Смешение личного и творческого измерений было привито эпохой и символизм не избежал этого греха “смешения”, что повлекло его превращение в некий “духовный орден”, священное членство в котором могло состояться только при условии самопожертвования своим внутренним, интимным пространством в угоду художественному. “Разрешалось быть одержимым чем угодно: требовалась лишь полнота одержимости”25. Но одержимость должна что-то питать и одним из способов удержания себя в состоянии приподнятой эмоциональности или одержимости была театрализация чувств, что влекло “к непрерывному актерству перед самим собой – к разыгрыванию собственной жизни как бы на театре жгучих импровизаций”26.

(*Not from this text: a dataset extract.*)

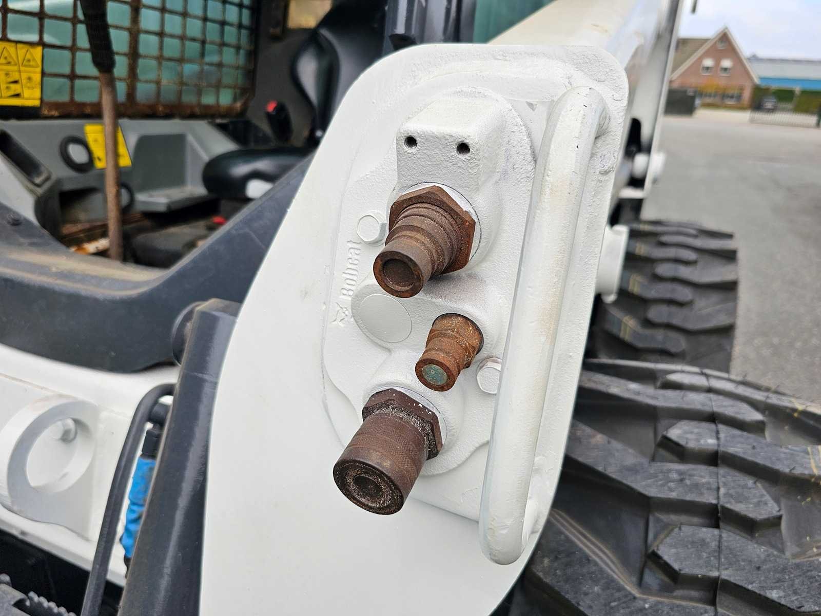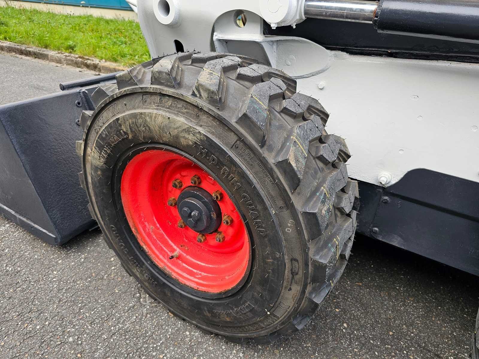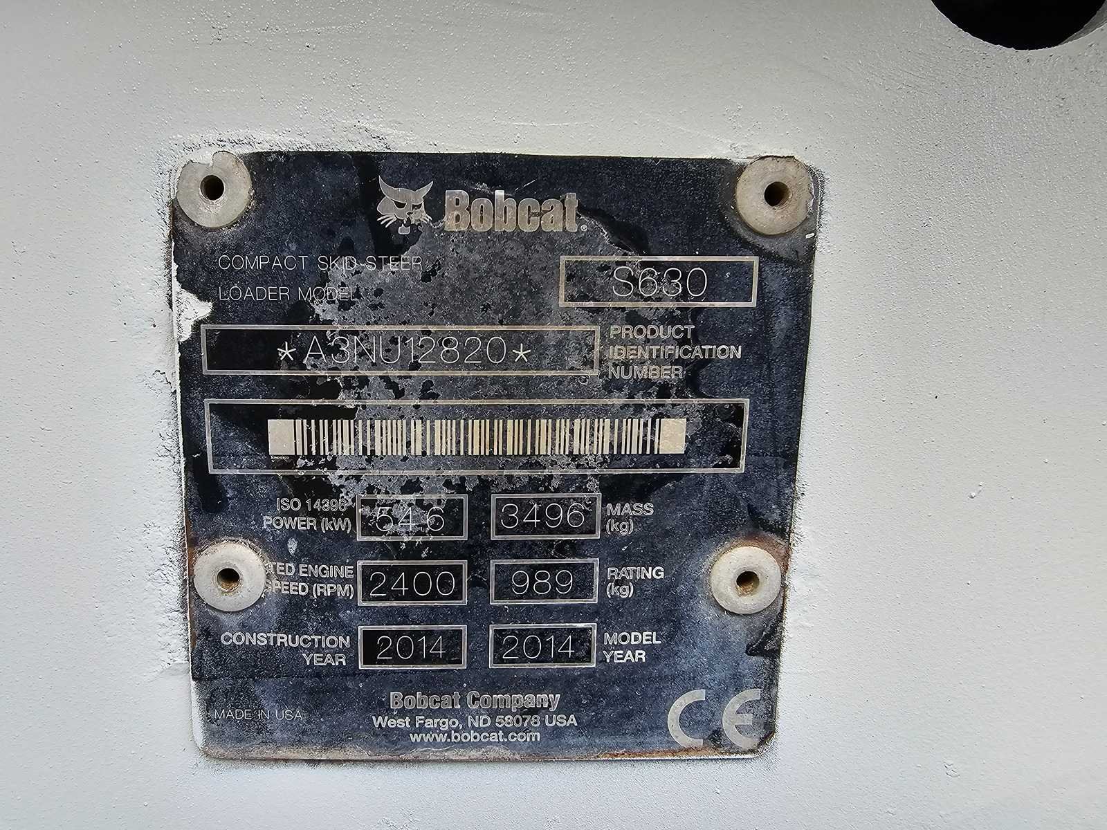 Capaciteit: 989 kg. Voorzien van: cabine, info display, werkverlichting en nieuwe banden. No Merk: Bobcat Type: S630 Bouwjaar: 2014 Serienummer: A3NU12820 Motorvermogen (kW): 54.6kW Brandstof: diesel Bandenmaat: 12-16.5 Graafbak afm. b: 1800mm Afgelezen urenstand: 2045 Eigen gewicht: 3496kg Totale afmeting L: 3470mm Totale afmeting Breedte: 1880mm Totale afmeting Hoogte: 2060mm Leveringsvoorwaarden: Geladen op vrachtwagen

Думается, что страсть к движениям и художественным объединениям, а также к магии, теософии, оккультизму, спиритизму (где тоже можно было почувствовать некое духовное единение) – также явилось попыткой спрятаться за театральной ширмой от скучной обыденности, невозможной и невыносимой для символистского мироощущения. Сами эти увлечения были чем-то вроде театрального жеста, единственной задачей которого было производить какое-то движения в душе (на фоне мрачных предчувствий и осознания сложности бытия в мире, ожидания событий.
Теория жизнетворчества символистов возникла из стремления к преодолению мира эмпирической действительности во всех его банальных проявлениях. Жизнь в ее бытовом измерении скучна и неинтересна символистам, тем более ее революционное или политическое измерение. Они вне идеологии и политики. Их идеология и политика – слово и мысль, бормотание, как говорил Белый, бормотание мысли, пока она не зазвучит текстом или “Симфонией”.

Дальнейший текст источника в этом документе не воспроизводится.